▶ TASK REQUIREMENTS:
Below are entries with pictures in them. Output exactly the lines starting at the line with "This is a remarkably" and ending at the line with "This is an AI", both included, but not the pictures.

== DATA PROVIDED ==

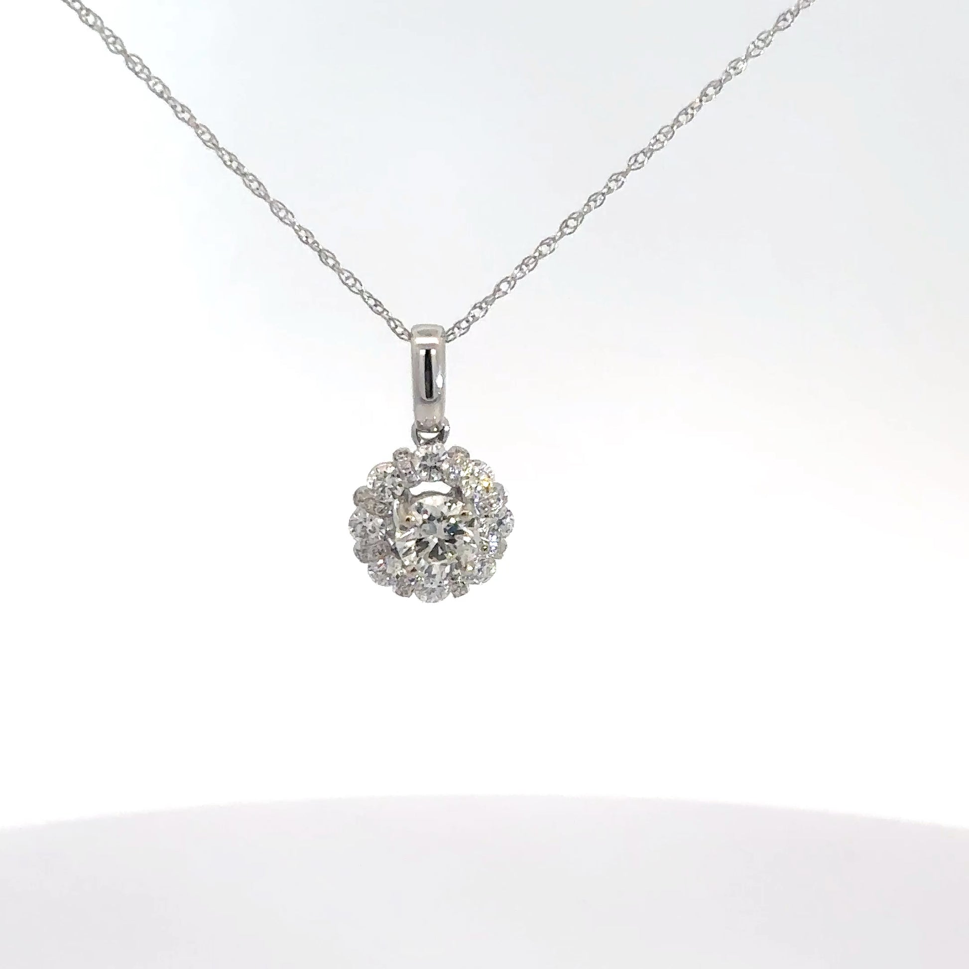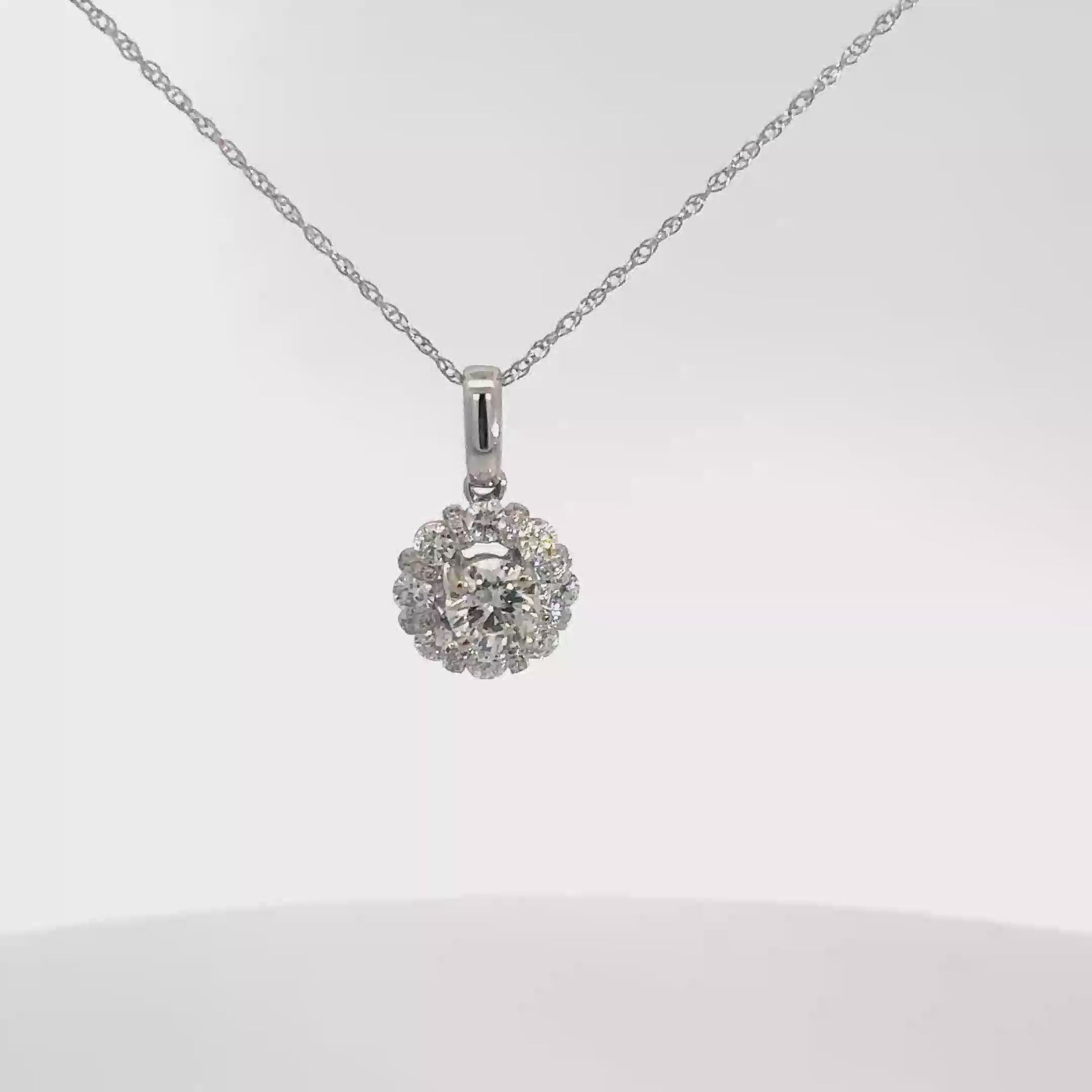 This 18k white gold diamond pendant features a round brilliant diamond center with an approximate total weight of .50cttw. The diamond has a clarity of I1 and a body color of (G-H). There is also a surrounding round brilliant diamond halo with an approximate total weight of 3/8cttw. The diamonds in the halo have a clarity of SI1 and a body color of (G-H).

===
== DATA PROVIDED ==

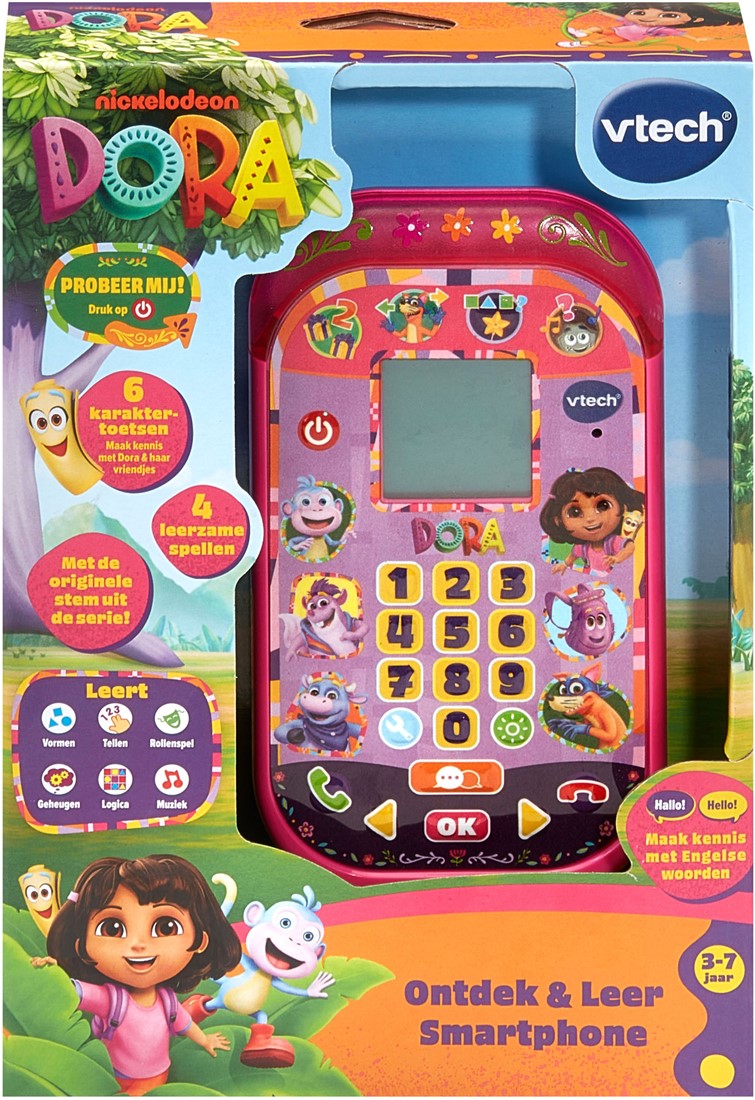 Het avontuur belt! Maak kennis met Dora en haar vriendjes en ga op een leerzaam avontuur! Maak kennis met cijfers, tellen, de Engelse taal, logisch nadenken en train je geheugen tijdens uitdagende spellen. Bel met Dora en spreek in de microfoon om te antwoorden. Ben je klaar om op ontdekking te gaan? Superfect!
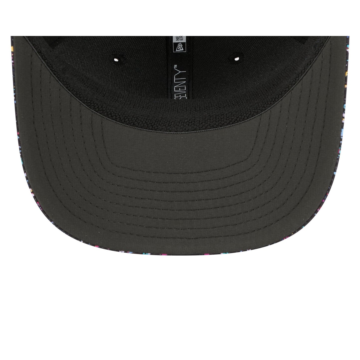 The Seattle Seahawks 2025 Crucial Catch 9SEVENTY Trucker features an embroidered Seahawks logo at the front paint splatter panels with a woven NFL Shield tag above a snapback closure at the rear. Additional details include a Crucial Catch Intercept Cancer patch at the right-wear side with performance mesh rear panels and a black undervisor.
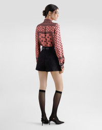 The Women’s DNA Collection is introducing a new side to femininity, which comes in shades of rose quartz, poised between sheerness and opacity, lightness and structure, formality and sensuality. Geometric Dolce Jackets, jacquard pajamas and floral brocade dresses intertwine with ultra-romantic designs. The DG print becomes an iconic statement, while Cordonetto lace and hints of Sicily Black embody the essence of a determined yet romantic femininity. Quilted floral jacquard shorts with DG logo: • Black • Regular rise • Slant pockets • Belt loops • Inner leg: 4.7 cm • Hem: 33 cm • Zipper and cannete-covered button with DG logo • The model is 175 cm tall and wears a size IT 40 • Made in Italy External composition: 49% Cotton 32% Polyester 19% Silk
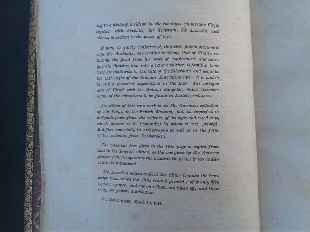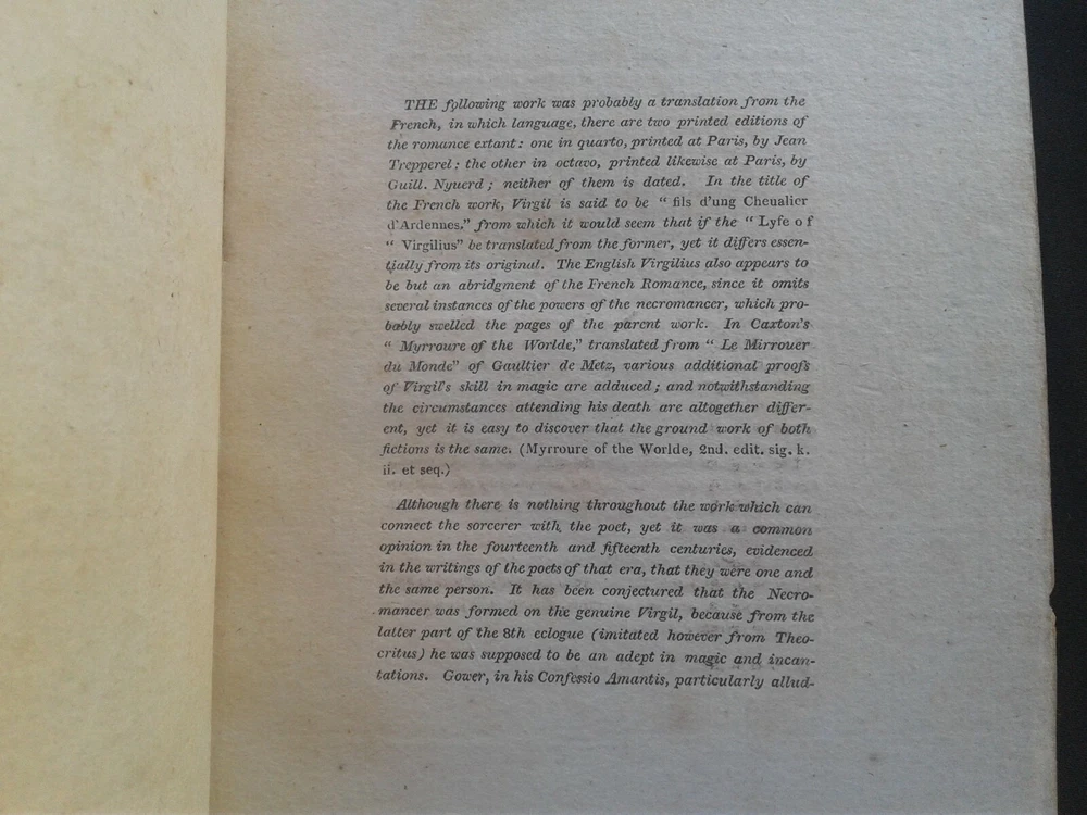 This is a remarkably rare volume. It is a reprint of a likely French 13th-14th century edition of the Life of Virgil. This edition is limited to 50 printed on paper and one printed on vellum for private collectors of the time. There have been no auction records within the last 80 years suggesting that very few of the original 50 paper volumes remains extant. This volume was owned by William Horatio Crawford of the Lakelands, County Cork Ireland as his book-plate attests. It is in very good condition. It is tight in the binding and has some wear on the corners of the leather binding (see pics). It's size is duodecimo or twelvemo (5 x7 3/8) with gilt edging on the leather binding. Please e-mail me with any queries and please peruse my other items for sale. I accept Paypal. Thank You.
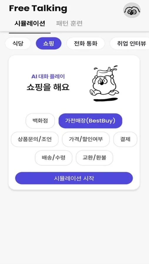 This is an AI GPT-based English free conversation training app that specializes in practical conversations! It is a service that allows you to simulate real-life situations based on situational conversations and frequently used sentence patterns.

===
== DATA PROVIDED ==

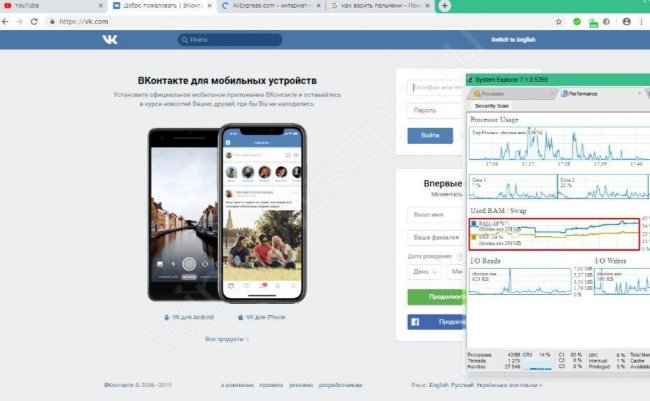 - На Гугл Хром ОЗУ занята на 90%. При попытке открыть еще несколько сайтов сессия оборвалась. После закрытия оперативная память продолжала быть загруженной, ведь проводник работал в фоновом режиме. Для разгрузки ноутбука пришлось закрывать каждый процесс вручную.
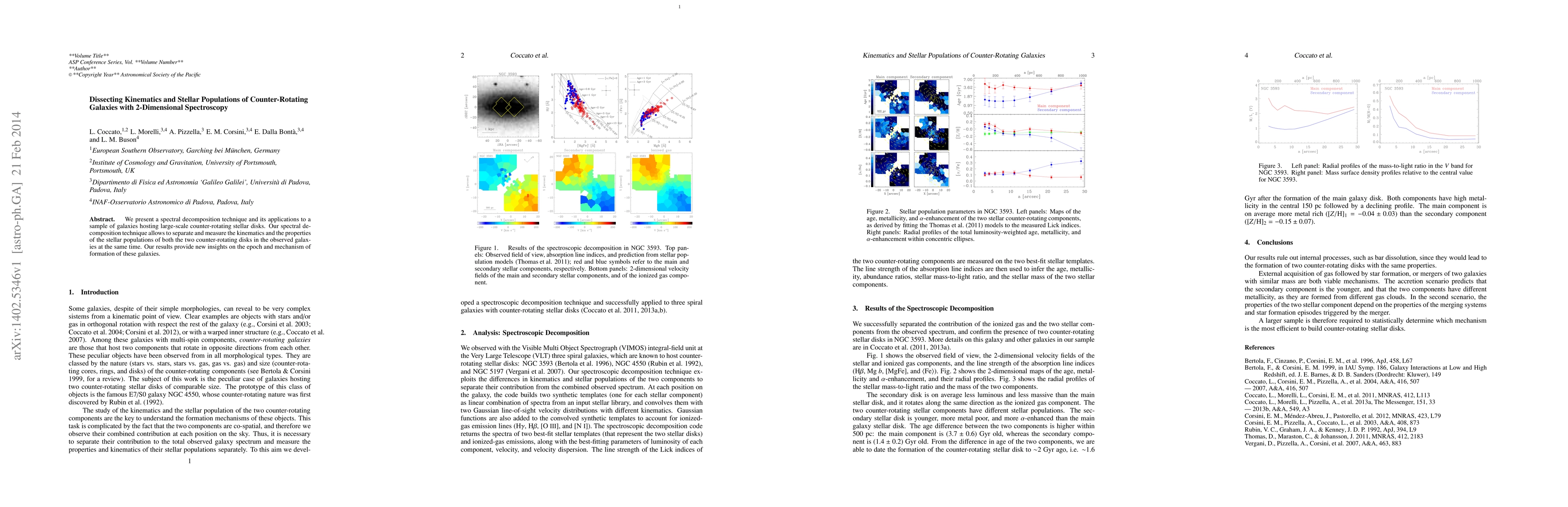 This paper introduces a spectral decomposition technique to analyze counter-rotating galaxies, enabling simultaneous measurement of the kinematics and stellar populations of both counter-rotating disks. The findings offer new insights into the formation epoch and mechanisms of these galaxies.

===

▶ TASK ANSWER:
 This is a remarkably rare volume. It is a reprint of a likely French 13th-14th century edition of the Life of Virgil. This edition is limited to 50 printed on paper and one printed on vellum for private collectors of the time. There have been no auction records within the last 80 years suggesting that very few of the original 50 paper volumes remains extant. This volume was owned by William Horatio Crawford of the Lakelands, County Cork Ireland as his book-plate attests. It is in very good condition. It is tight in the binding and has some wear on the corners of the leather binding (see pics). It's size is duodecimo or twelvemo (5 x7 3/8) with gilt edging on the leather binding. Please e-mail me with any queries and please peruse my other items for sale. I accept Paypal. Thank You.
 This is an AI GPT-based English free conversation training app that specializes in practical conversations! It is a service that allows you to simulate real-life situations based on situational conversations and frequently used sentence patterns.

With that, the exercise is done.